Pragmatism also rejects the idea that researchers have to choose their position between a pair of extremes of either locating their research and research findings in a completely specific to a particular context (constructivism) or designing their research with a generalized set of principles (positivist). Thus, instead of focusing on the issue of context or generality, pragmatism places the central focus on the idea of enhancing transferability based both on the strength of the relation between cause and effect in quantitative data and on the trustworthiness and reliability of the qualitative data (Morgan 2007, Shannon-Baker 2015). In other words, rather than trying to make the research results with either context-bound or generalizable, pragmatists is based on the belief that theories can be both contextual and generalizable, and aim to investigate the factors that ‘affect whether the knowledge we gain can be transferred to other settings’ (Morgan 2007, 75, Shannon-Baker 2015, 4).

Pragmatism breaks the boundary between positivist and constructivist, and creates a connection between them when looking for what is meaningful from both (Shannon-Baker 2015).

I decided to employ pragmatic paradigm for this study and follow explanatory sequential design. The study started with a quantitative survey. The finding from the quantitative data, then, informed qualitative data collection and analysis. The connecting, comparing and contrasting of the inferences that emerge from both quantitative and qualitative findings in this study, on the one hand, helped to develop and extend the understanding of UBC in Vietnam in a richer way than a study using only a single approach.

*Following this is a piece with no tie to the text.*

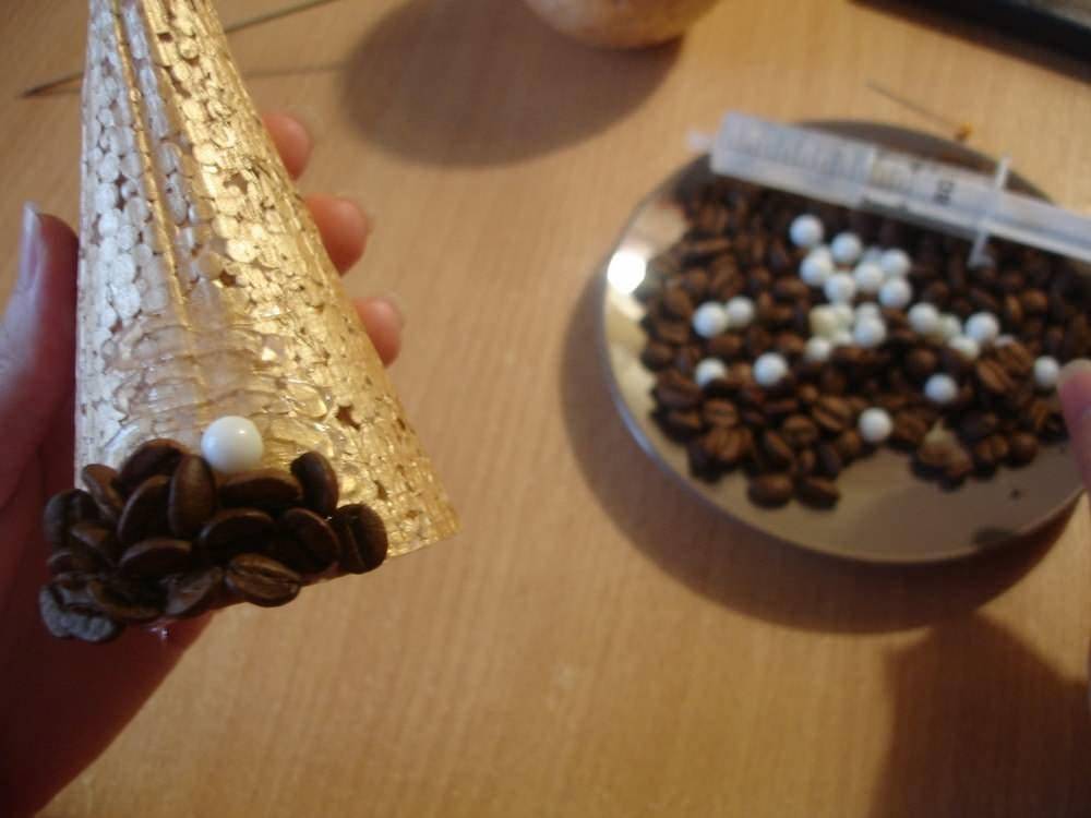 Теперь вам необходимо набраться терпением и обклеить основу для елки кофейными зернами. Зерна приклеивайте при помощи клеевого пистолета под углом приблизительно 70-80 градусов. Начинать клеить нужно с основания елки, а не с вершины. После того, как елка покроется своей «одежкой», ее необходимо украсить, ведь новогодняя елочка из кофе без украшений – это неинтересно. Для украшения подойдут красивые бусинки, бантики, блестки – все, что вы придумаете.

On the other hand, it also allowed me to address the local context, historical and cultural features which directly or indirectly affected the quantity and quality of the collaboration between the HES and the local industry. This led the way to more feasible and practical solutions to ease the university-industry cooperation in the Vietnamese context.

In a sequential explanatory design, the priority, or the weight and attention throughout the data collection and analysis can be given to either quantitative or qualitative approach, and this  may depends on the researchers’ interest, the study’s audience and what researchers aim to focus on in their study (Creswell 2009b). In this particular study, when my major purpose was to explain the factors affecting the UBC in the Vietnamese context and to seek feasible solutions from related stakeholders to enhance the quality of this collaboration, the priority was given to the qualitative data collection and analysis, although it was the second phase of the research process. Nonetheless, the quantitative approach was designed to allow me to develop a general understanding about the current situation of the UBC in Vietnam and the common obstacles that the related stakeholders have experienced. Then, the inductive goal of the second phase was based on the deductive results from the quantitative questionnaire as suggested by and Morgan (2007), in other words, the interview questions were developed based on the results of the quantitative data. The themes immerging from the interviews were thus, often the explanation or suggested solutions for the problems occurred in the results of the quantitative phase. This process helped me develop better and deeper understanding about the current situation of UEC in Vietnam.


Creswell, J. W. 2009a. “Editorial: Mapping the field of mixed methods research.” Journal of Mixed Methods Research no. 3 (2): 95-108.

Creswell, J. W. 2009b. Research design: Qualitative, quatitative, and mixed methods approaches. Thousand Oaks, CA: Sage.

Lincoln, Y. S., and E. G Guba. 1985. Naturalistic inquiry. Beverly Hills, CA: Sage.

Morgan, David L. 2007. “Paradigms lost and pragmatism regained methodological implications of combining qualitative and quantitative methods.” Journal of mixed methods research no. 1 (1):48-76.

Shannon-Baker, Peggy. 2015. “Making paradigms meaningful in mixed methods research.” Journal of Mixed Methods Research:1558689815575861.